== Exercise instructions ==
For each record that follows, give it back exactly, with no pictures included.

== Records excerpted from a collection ==

────────────────

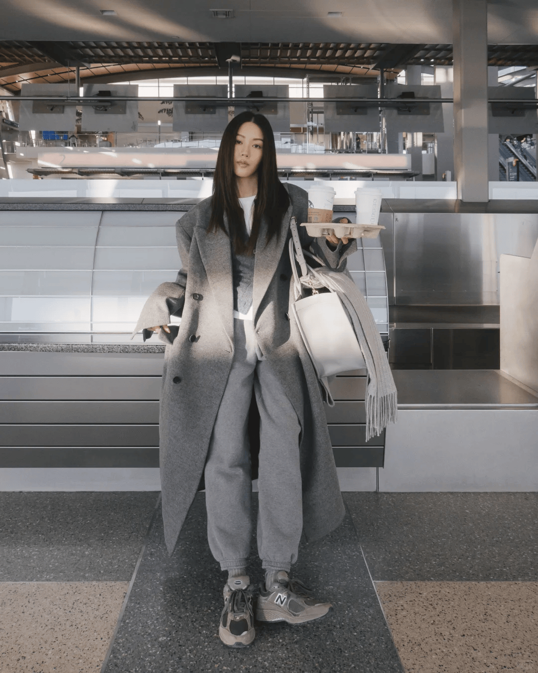 而羊毛格纹围巾的文艺感则可中和大衣的正式。
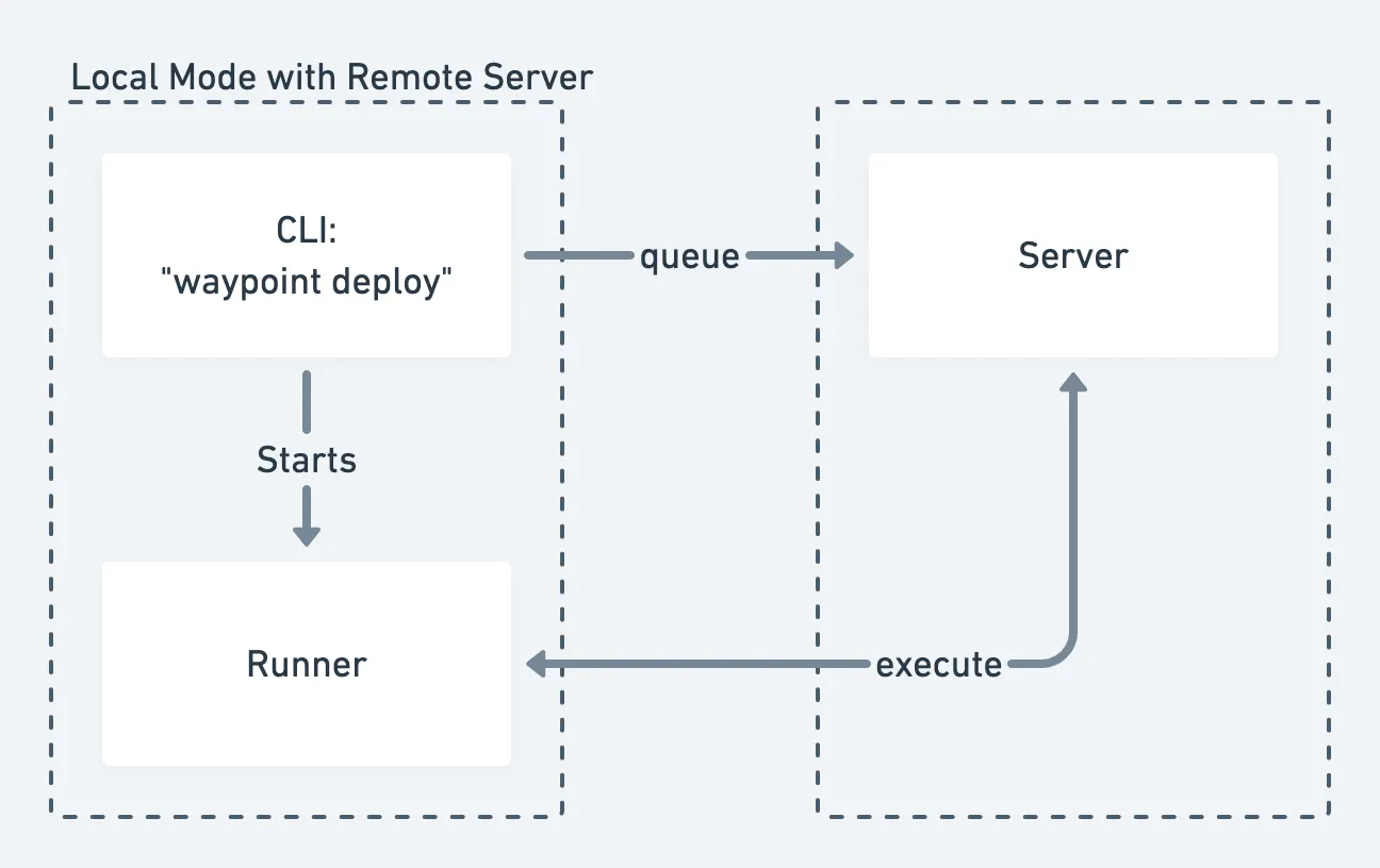 기존의 테라폼은 락기능등을 제공하기 위해 별도의 백엔드를 둘 수 있으나 기본적으로는 서버 없이 작동 할수 있습니다. 하지만 waypoint는 별도의 서버를 통해 작동 하다 보니 서버가 죽으면 cli,ui 모두 작동이 안됩니다.
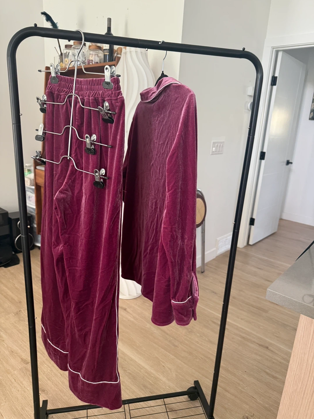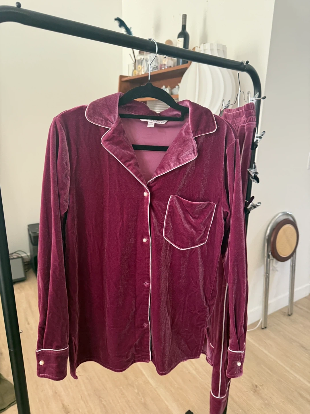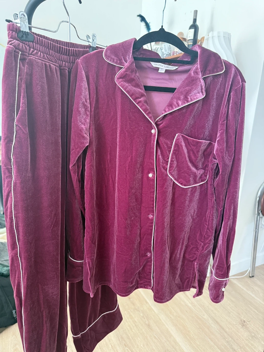 Selling a beautiful velvet pajama set from Victoria's Dreams! The set includes a long-sleeved, button-down top with a pocket and matching pants with an elastic waistband. The rich, deep colour and soft velvet material make it perfect for a cozy night in. It's in great condition and ready for a new home!
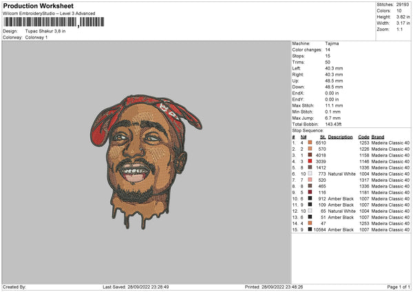 Tupac Shakur Embroidery File 5 sizes
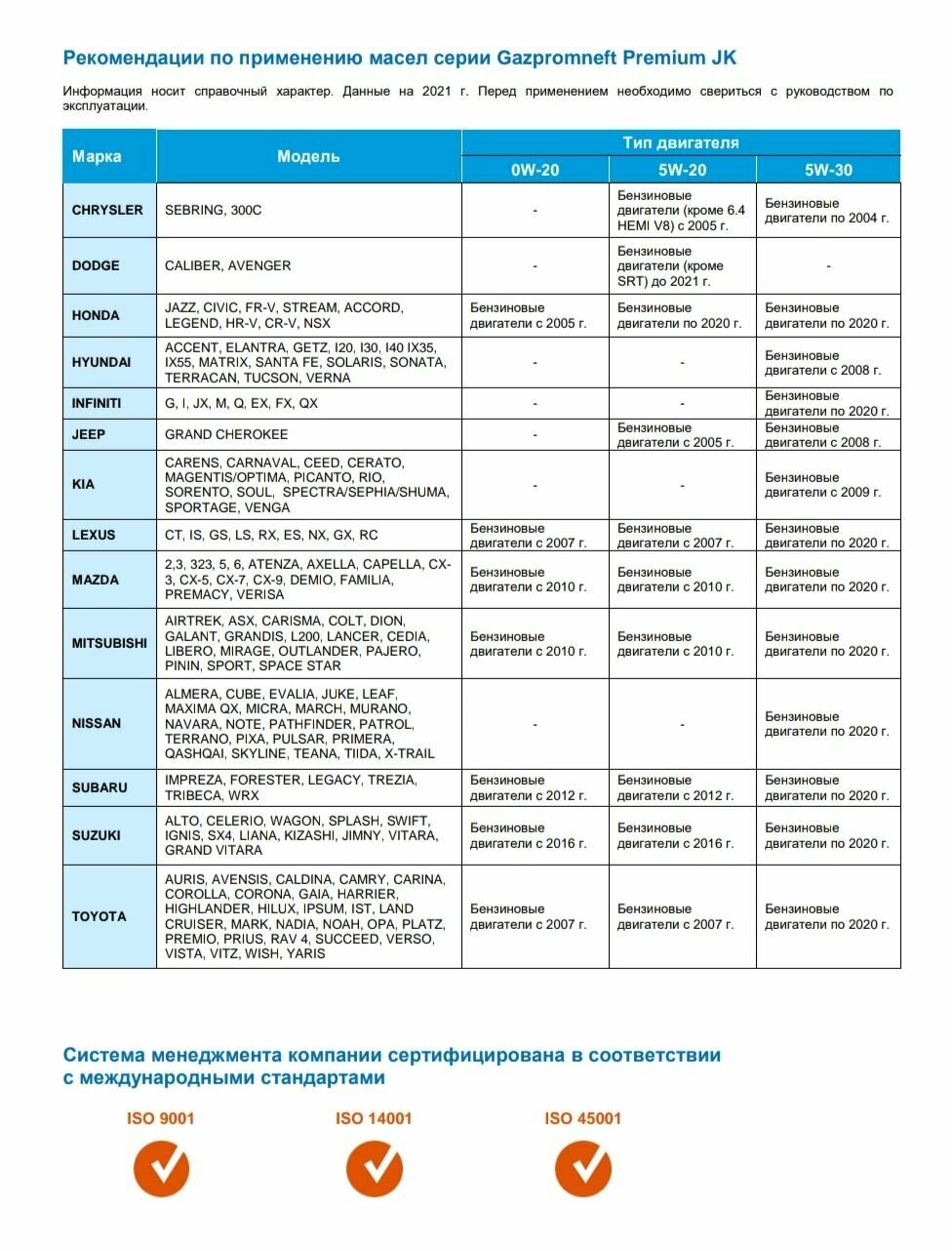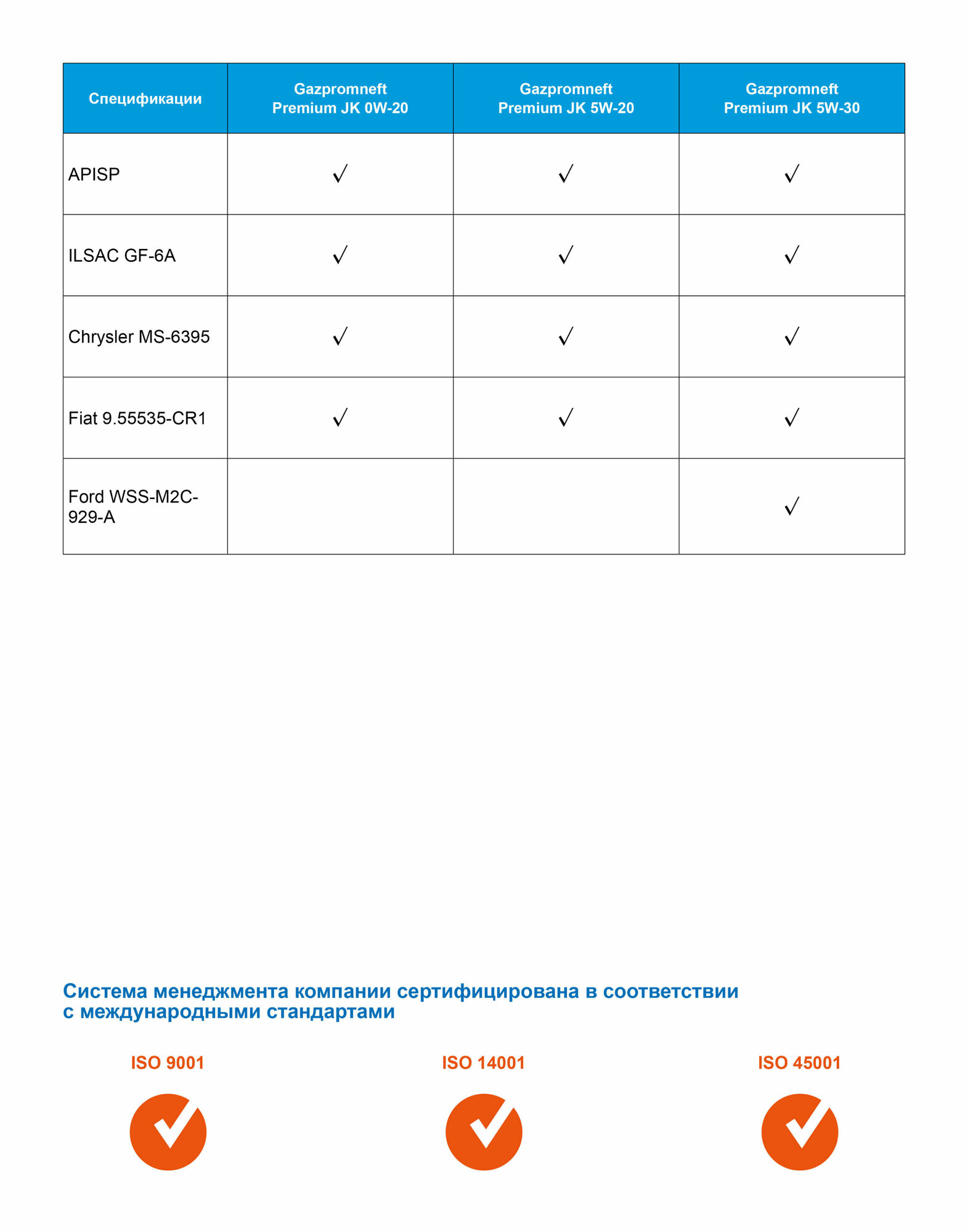 Gazpromneft Premium JK 5w30 1л. SP синт. мотор. масло ILSAC GF-6A; Fiat 9.55535-CR1; Ford WSS-M2C-929-A; Chrysler MS-6395

────────────────

== Solution below ==
 而羊毛格纹围巾的文艺感则可中和大衣的正式。
 기존의 테라폼은 락기능등을 제공하기 위해 별도의 백엔드를 둘 수 있으나 기본적으로는 서버 없이 작동 할수 있습니다. 하지만 waypoint는 별도의 서버를 통해 작동 하다 보니 서버가 죽으면 cli,ui 모두 작동이 안됩니다.
 Selling a beautiful velvet pajama set from Victoria's Dreams! The set includes a long-sleeved, button-down top with a pocket and matching pants with an elastic waistband. The rich, deep colour and soft velvet material make it perfect for a cozy night in. It's in great condition and ready for a new home!
 Tupac Shakur Embroidery File 5 sizes
 Gazpromneft Premium JK 5w30 1л. SP синт. мотор. масло ILSAC GF-6A; Fiat 9.55535-CR1; Ford WSS-M2C-929-A; Chrysler MS-6395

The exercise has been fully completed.